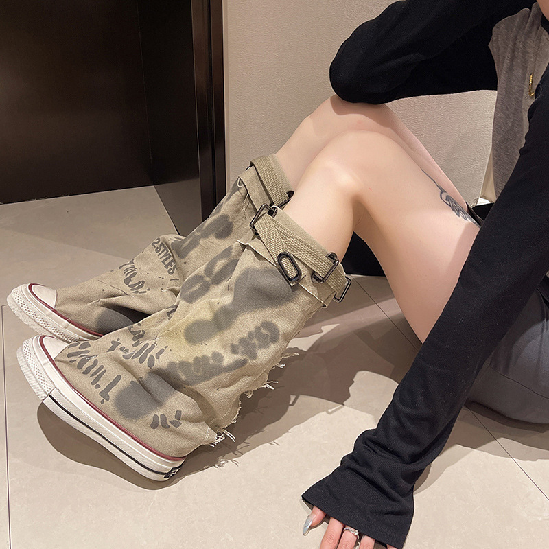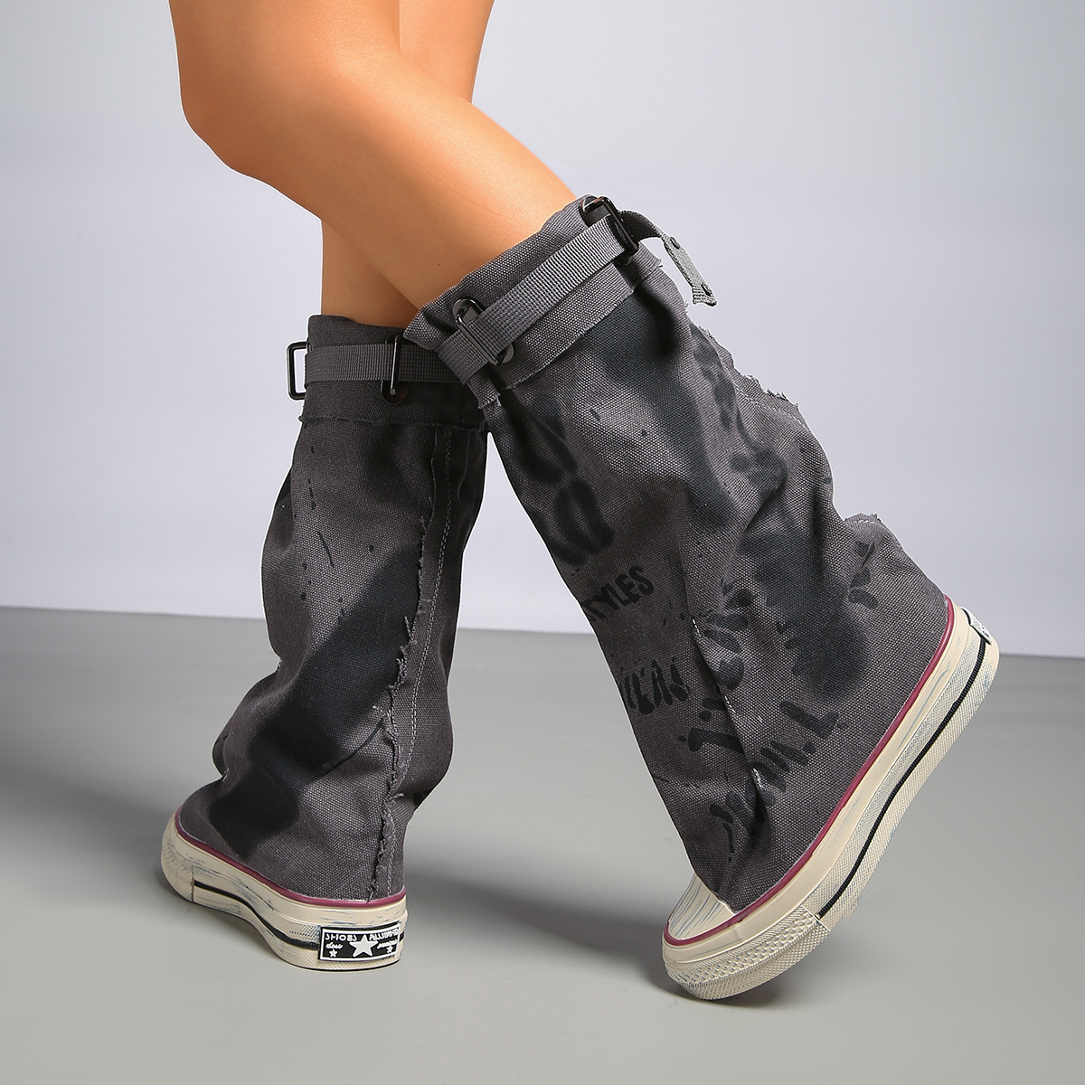 Главная страница > Женские ботинки, новые ботинки до середины икры с граффити на плоской подошве в стиле ретро, сексуальные ботинки Trbottomyy, большие размеры, внешняя торговля, модные ботинки с ворсом, трансграничные ботинки
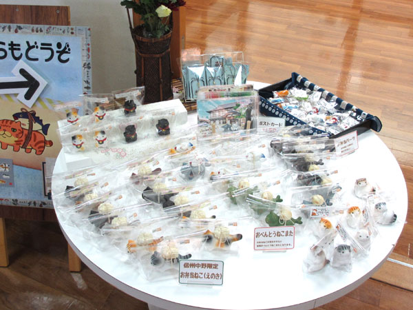 猫や限定のお弁当ねこ(おやき)やストラップ、ポストカードの
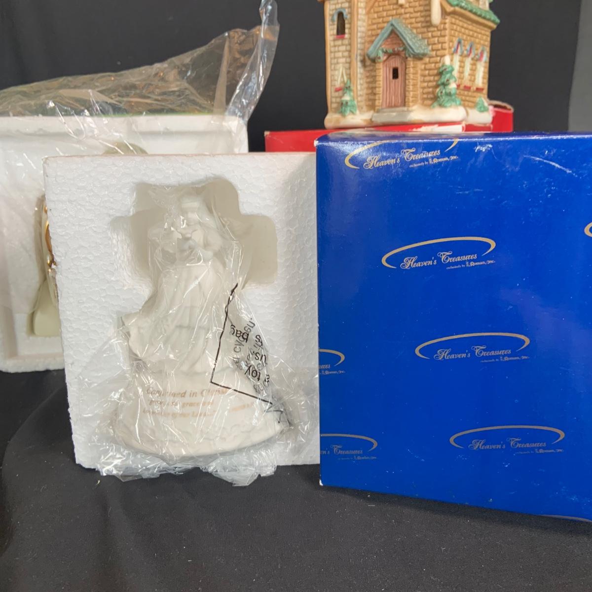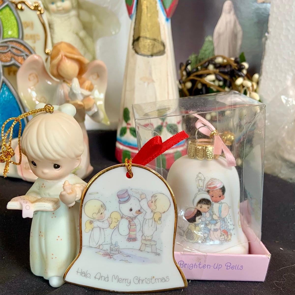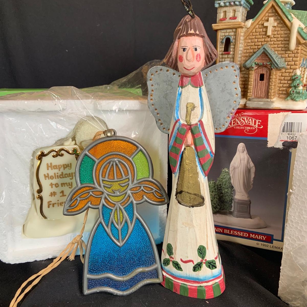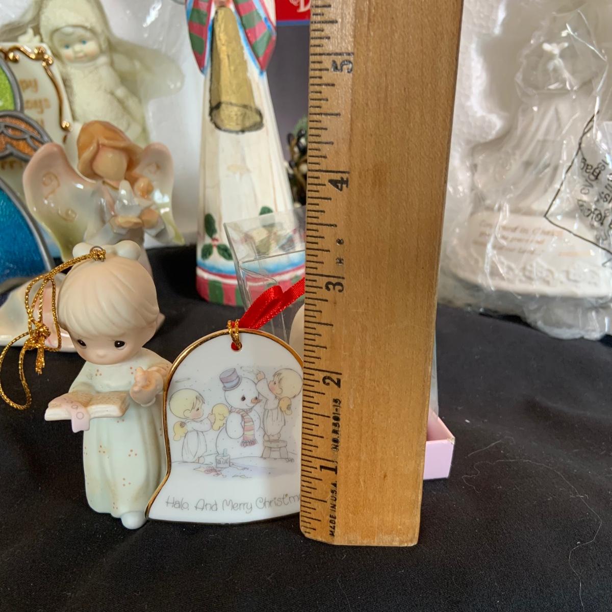 LOT:126: Angels Among Us Collection of Precious Moments Ornaments, Snowbaby, Dickensville Madonna, and Village Church

* [What to produce] Pictures are to be omitted. Output verbatim only the lines from the one holding "猫や限定のお弁当ねこ(おやき)やストラップ、ポストカードの" through the end of the material, both included.

* [Solution for this problem]
 猫や限定のお弁当ねこ(おやき)やストラップ、ポストカードの
 LOT:126: Angels Among Us Collection of Precious Moments Ornaments, Snowbaby, Dickensville Madonna, and Village Church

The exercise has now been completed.